#### EXERCISE DIRECTIONS
Please give the entries below again exactly, omitting every picture.

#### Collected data
■ ■ ■ ■ ■ ■ ■

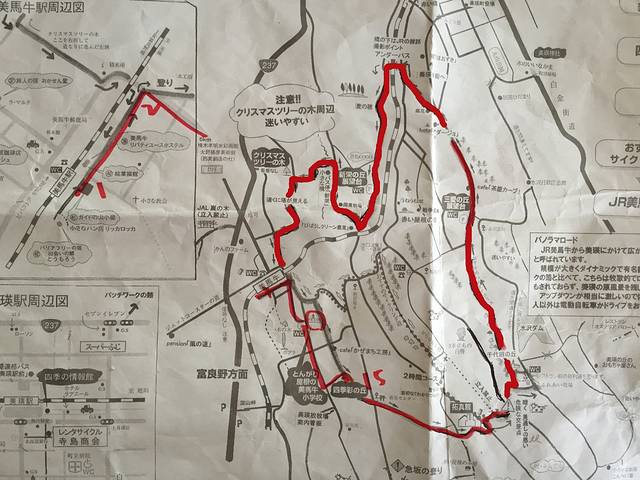 工作人员会给你张地图把路线画出来,如图红色路。这里我不得不要吐槽下这个地图!不精准啊,距离也都不太对,要是真能按照这个地图走完全程我也是服了!反正我后面就一直在迷路,因为手机没装导航,导航在朋友那里,她不会骑自行车!虽然出发前我曾经突击教过她两天,但是她连上车都不会啊。。。所以到后面就是我骑一段,等她一段,前半天还好,到了下午有一段路分开以后,就一直没汇合上,然后我按照地图妥妥地就迷路了,至少绕过三次大圈子!中间的小迷路就不提了!在这里骑行一定要带好导航!
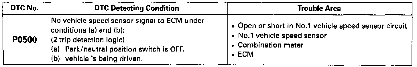 DTC P0500 Vehicle Speed Sensor Malfunction
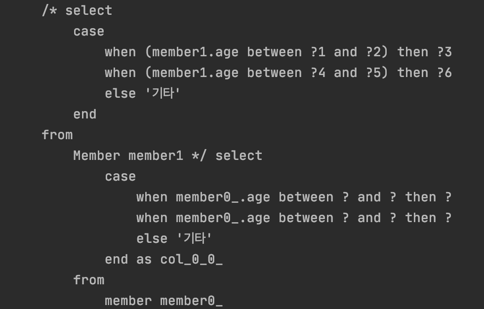 select 절에서 member.age.when.then으로 사용이 가능합니다.
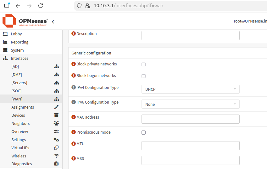 Under current grid value, enter the IP of OPNsense (10.10.3.1)
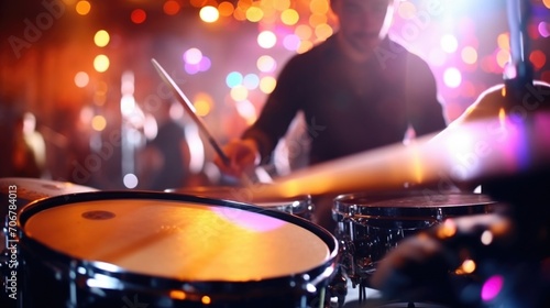 Closeup of a drummers intense expression as they play along to the virtual concert.
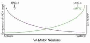 This finding suggests that loss-of-function mutations in unc-4 target genes that affect anterior VAs should also “suppress” the Unc-4 phenotype. An unbiased genetic screen for blr mutants (backward locomotion restored) has now revealed > 15 independent loci that suppress Unc-4. Preliminary genetic analysis has confirmed that at least three of these genes function in parallel to ceh-12 to regulate synaptic choice. We are now using whole genome sequencing to reveal the molecular identity of these blr genes.
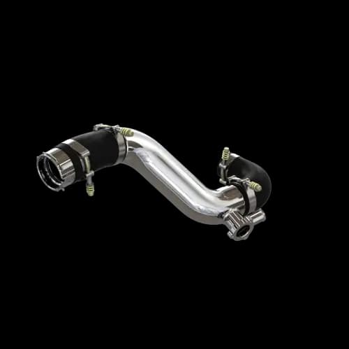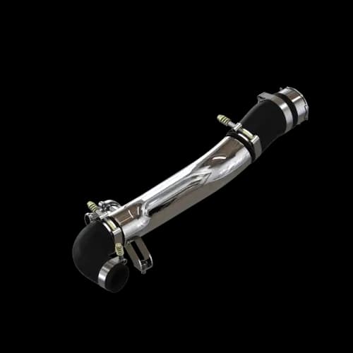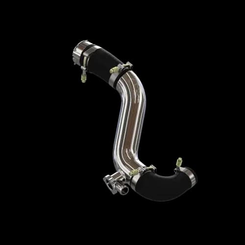 Polished aluminum pipe with aramid-reinforced and FKM lined silicone hose, this hot side intercooler pipe for the 2.3L EcoBoost 2019-2023 Ranger is built to last and improve airflow vs stock.
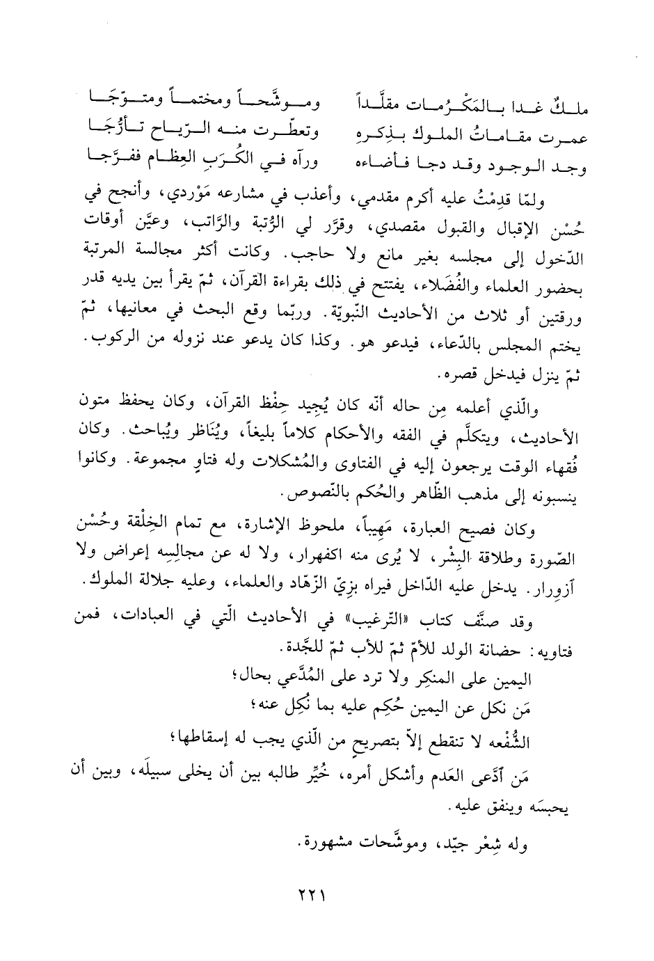 ولمّا قدِمْتُ عليه أكرم مقدمي، وأعذب فِي مشارعه مَوْردي، وأنجح فِي حُسْن الإقبال والقبول مقصدي، وقرَّر لي الرُّتبة والرَّاتب، وعيَّن أوقات الدّخول إِلَى مجلسه بغير مانع ولا حاجب. وكانت أكثر مجالسة المرتبة بحضور العلماء والفُضَلاء، يفتتح فِي ذلك بقراءة القرآن، ثُمَّ يقرأ بين يديه قدر ورقتين أو ثلاث من الأحاديث النّبويَّة. وربّما وقع البحث فِي معانيها، ثُمَّ يختم المجلس بالدّعاء، فيدعو هُوَ. وكذا كان يدعو عند نزوله من الركوب.

■ ■ ■ ■ ■ ■ ■

#### EXERCISE OUTPUT
 工作人员会给你张地图把路线画出来,如图红色路。这里我不得不要吐槽下这个地图!不精准啊,距离也都不太对,要是真能按照这个地图走完全程我也是服了!反正我后面就一直在迷路,因为手机没装导航,导航在朋友那里,她不会骑自行车!虽然出发前我曾经突击教过她两天,但是她连上车都不会啊。。。所以到后面就是我骑一段,等她一段,前半天还好,到了下午有一段路分开以后,就一直没汇合上,然后我按照地图妥妥地就迷路了,至少绕过三次大圈子!中间的小迷路就不提了!在这里骑行一定要带好导航!
 DTC P0500 Vehicle Speed Sensor Malfunction
 select 절에서 member.age.when.then으로 사용이 가능합니다.
 Under current grid value, enter the IP of OPNsense (10.10.3.1)
 Closeup of a drummers intense expression as they play along to the virtual concert.
 This finding suggests that loss-of-function mutations in unc-4 target genes that affect anterior VAs should also “suppress” the Unc-4 phenotype. An unbiased genetic screen for blr mutants (backward locomotion restored) has now revealed > 15 independent loci that suppress Unc-4. Preliminary genetic analysis has confirmed that at least three of these genes function in parallel to ceh-12 to regulate synaptic choice. We are now using whole genome sequencing to reveal the molecular identity of these blr genes.
 Polished aluminum pipe with aramid-reinforced and FKM lined silicone hose, this hot side intercooler pipe for the 2.3L EcoBoost 2019-2023 Ranger is built to last and improve airflow vs stock.
 ولمّا قدِمْتُ عليه أكرم مقدمي، وأعذب فِي مشارعه مَوْردي، وأنجح فِي حُسْن الإقبال والقبول مقصدي، وقرَّر لي الرُّتبة والرَّاتب، وعيَّن أوقات الدّخول إِلَى مجلسه بغير مانع ولا حاجب. وكانت أكثر مجالسة المرتبة بحضور العلماء والفُضَلاء، يفتتح فِي ذلك بقراءة القرآن، ثُمَّ يقرأ بين يديه قدر ورقتين أو ثلاث من الأحاديث النّبويَّة. وربّما وقع البحث فِي معانيها، ثُمَّ يختم المجلس بالدّعاء، فيدعو هُوَ. وكذا كان يدعو عند نزوله من الركوب.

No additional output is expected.